BOLIK-COULON N. KADEŘÁVEK Pavel PELUPESSY P. DUMEZ J.N. FERRAGE F. COUSIN S.F.

Year of publication 2020
Type Article in Periodical
Magazine / Source Journal of Magnetic Resonance
MU Faculty or unit

Central European Institute of Technology

Citation
Web https://www.sciencedirect.com/science/article/pii/S1090780720300367?via%3Dihub
Doi http://dx.doi.org/10.1016/j.jmr.2020.106718
Keywords Nuclear spin relaxation; Analytical relaxation computation; High-resolution relaxometry
Description A wide variety of nuclear magnetic resonance experiments rely on the prediction and analysis of relaxation processes. Recently, innovative approaches have been introduced where the sample travels through a broad range of magnetic fields in the course of the experiment, such as dissolution dynamic nuclear polarization or high-resolution relaxometry.

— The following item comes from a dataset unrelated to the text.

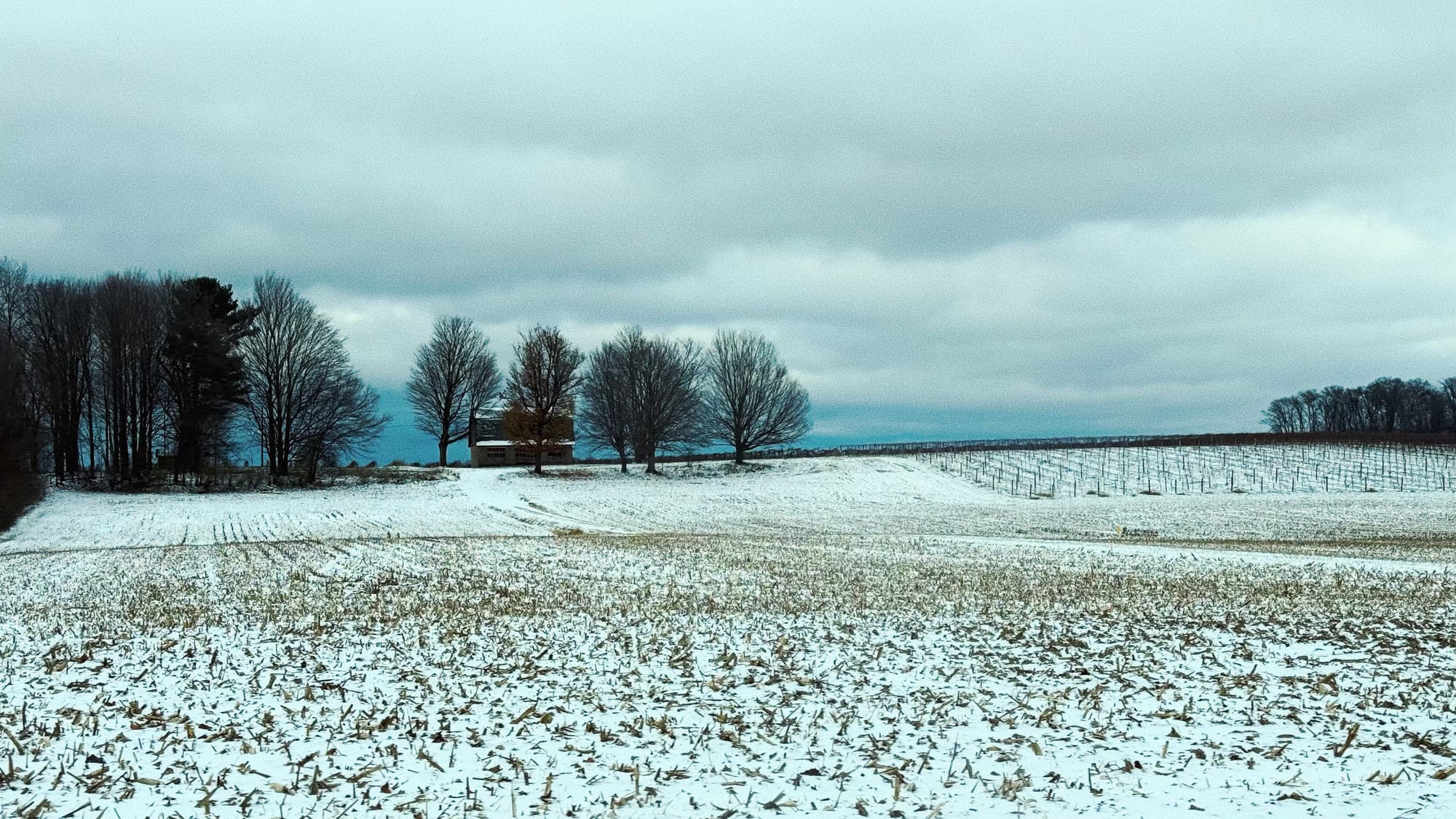 We drove past this old barn at the far end of a field again today, and I was reminded of a sketch I did of it earlier this year. That got me thinking it might be fun to do a digital color sketch of it this evening. I know I've mentioned this before but I love the fun lines that snowy cornfields make - the brown roughage of the cut stalks sticking out above the snow. They really do a good job of showing the dimension of the landscape. And the vineyard at the far right is a fun puzzle to figure out as well. Not too much detail, as it's right on the edge of the frame, but enough to get the concept across. It also helps funnel the viewer into the focal point of the barn and the bare trees near the center.

Understanding the relaxation properties of nuclear spin systems over orders of magnitude of magnetic fields is essential to rationalize the results of these experiments. For example, during a high-resolution relaxometry experiment, the absence of control of nuclear spin relaxation pathways during the sample transfers and relaxation delays leads to systematic deviations of polarization decays from an ideal mono-exponential decay with the pure longitudinal relaxation rate. These deviations have to be taken into account to describe quantitatively the dynamics of the system. Here, we present computational tools to (1) calculate analytical expressions of relaxation rates for a broad variety of spin systems and (2) use these analytical expressions to correct the deviations arising in high-resolution relaxometry experiments. These tools lead to a better understanding of nuclear spin relaxation, which is required to improve the sensitivity of many pulse sequences, and to better characterize motions in macromolecules. (C) 2020 Published by Elsevier Inc.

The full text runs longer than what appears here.